Using the records below, copy exactly the part that opens with the line holding "Reflective Dog Vest" and closes with the line holding "Pink ink kitten", minus the pictures.

* _Source material_
################

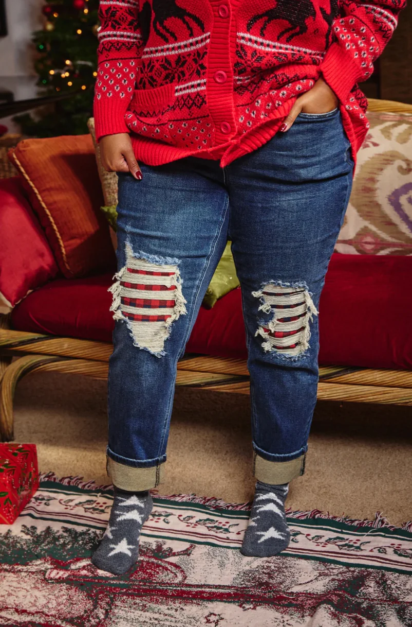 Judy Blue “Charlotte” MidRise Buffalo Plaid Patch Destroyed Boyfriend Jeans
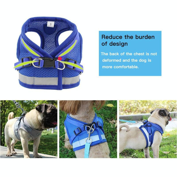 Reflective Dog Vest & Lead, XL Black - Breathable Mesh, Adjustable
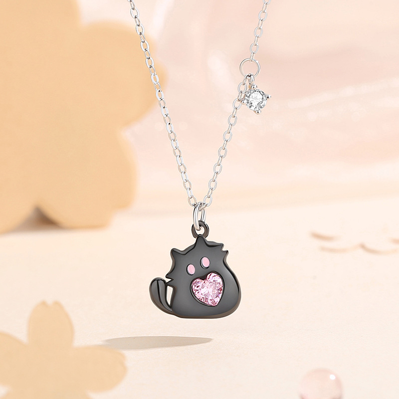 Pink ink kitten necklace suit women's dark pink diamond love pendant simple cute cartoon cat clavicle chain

################

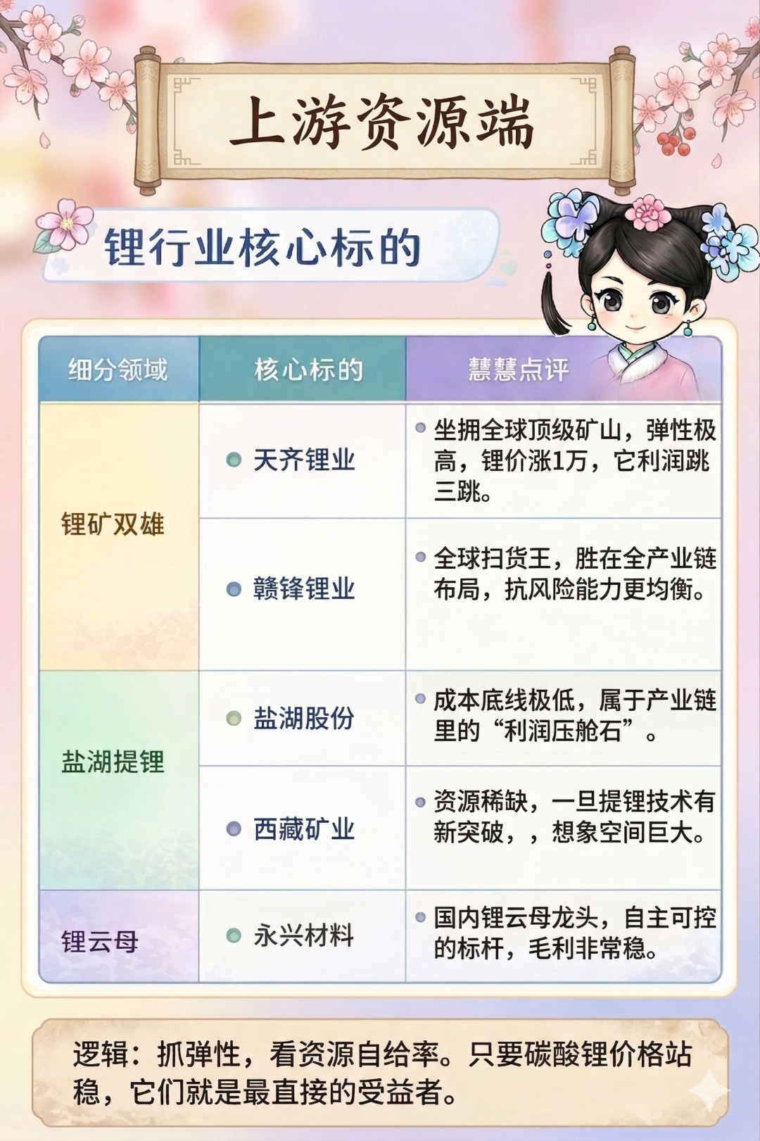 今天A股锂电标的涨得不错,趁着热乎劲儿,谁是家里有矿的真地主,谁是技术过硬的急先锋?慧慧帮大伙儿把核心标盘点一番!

################

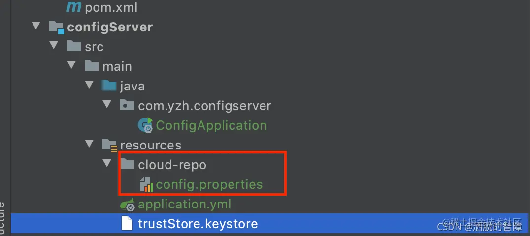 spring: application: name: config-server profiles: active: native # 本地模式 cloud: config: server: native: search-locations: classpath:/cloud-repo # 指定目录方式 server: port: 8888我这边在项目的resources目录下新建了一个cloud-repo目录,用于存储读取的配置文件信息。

################

* _Output for this exercise_
 Reflective Dog Vest & Lead, XL Black - Breathable Mesh, Adjustable
 Pink ink kitten necklace suit women's dark pink diamond love pendant simple cute cartoon cat clavicle chain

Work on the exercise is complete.